Asked Thursday whether Senate Majority Leader Charles Schumer, D-N.Y., would set up individual roll call votes on any other nominees, Senate Armed Services Committee Chairman Jack Reed, D-R.I., said that "nothing's on the table, nothing's off the table."

"I think you should ask the Republicans, who voted so enthusiastically for Gen. George and [said] wonderful things about him, because there are so many other people like Gen. George who are really suffering," Reed said when asked what the plan is to confirm the remaining military nominees.

Tuberville voted for George and Smith but against Brown. A smattering of Republicans opposed Brown, who was the first Black service chief and will be the second Black chairman of the Joint Chiefs, because of his support for military diversity efforts.

Sen. Mike Lee, R-Utah, was the lone "no" vote on George.

The three confirmations mean the military will no longer have half of the Joint Chiefs of Staff filled by acting officials. But with Tuberville's broader blockade still in place, the Joint Chiefs will still have leadership gaps, as will hundreds of posts below the chiefs.

The Navy is being led by an acting officer, and the Air Force is on track to join them when Brown steps down as Air Force chief of staff to start his new job.

"It is well past time to confirm the over 300 other military nominees," Defense Secretary Lloyd Austin said in a statement after Brown's confirmation. "The brave men and women of the U.S. military deserve to be led by highly-qualified general and flag officers at this critical moment for our national security.

"And their families, who also sacrifice so much every day on our behalf, deserve certainty and our nation's unwavering support," he said.
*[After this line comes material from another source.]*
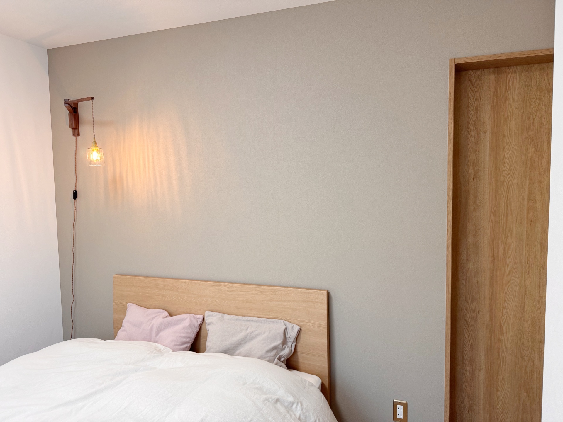 寝室のドアの色味と合わせて統一感が出、クロスの淡いグレーと調和して、優しい自然の風合いが癒される空間になりました。

Army Secretary Christine Wormuth swore George into his new job shortly after the Senate confirmation vote Thursday, she said in a statement, adding that the remaining holds are a "discouraging signal for the talented junior and field-grade officers as they contemplate their future as senior Army leaders."

Since late February, Tuberville has used a procedural tactic known as a hold to block the Senate from quickly confirming senior officer promotions in an effort to get the Pentagon to reverse its policy of covering travel expenses and leave for service members seeking abortions.

A hold cannot prevent the Senate from confirming nominees, but it forces the chamber to take lengthy individual roll call votes on each nomination rather than confirming them in batches in voice votes as it usually does for noncontroversial military promotions.

For months, Democrats insisted that taking roll call votes could encourage other senators to mimic Tuberville's tactic in the future and forever politicize the military nominations process. In response to GOP proposals to vote on at least members of the Joint Chiefs, Democrats argued that doing so would punish the lower-ranking officers also awaiting confirmation.

While it is rare for Congress to hold roll call votes on military officers, it is not unprecedented for members of the Joint Chiefs of Staff. The current chairman of the Joint Chiefs, Gen. Mark Milley, was confirmed in a roll call vote in 2019, and Brown was confirmed as Air Force chief of staff in a roll call vote in 2020.

Democrats relented and voted on George, Smith and Brown this week to preempt Tuberville after he announced he would force a procedural vote on Smith. While Tuberville still insists he will not drop his hold on the other nominees unless the Pentagon rescinds its abortion policy, he is also leaving open the possibility of trying to force more roll call votes on them.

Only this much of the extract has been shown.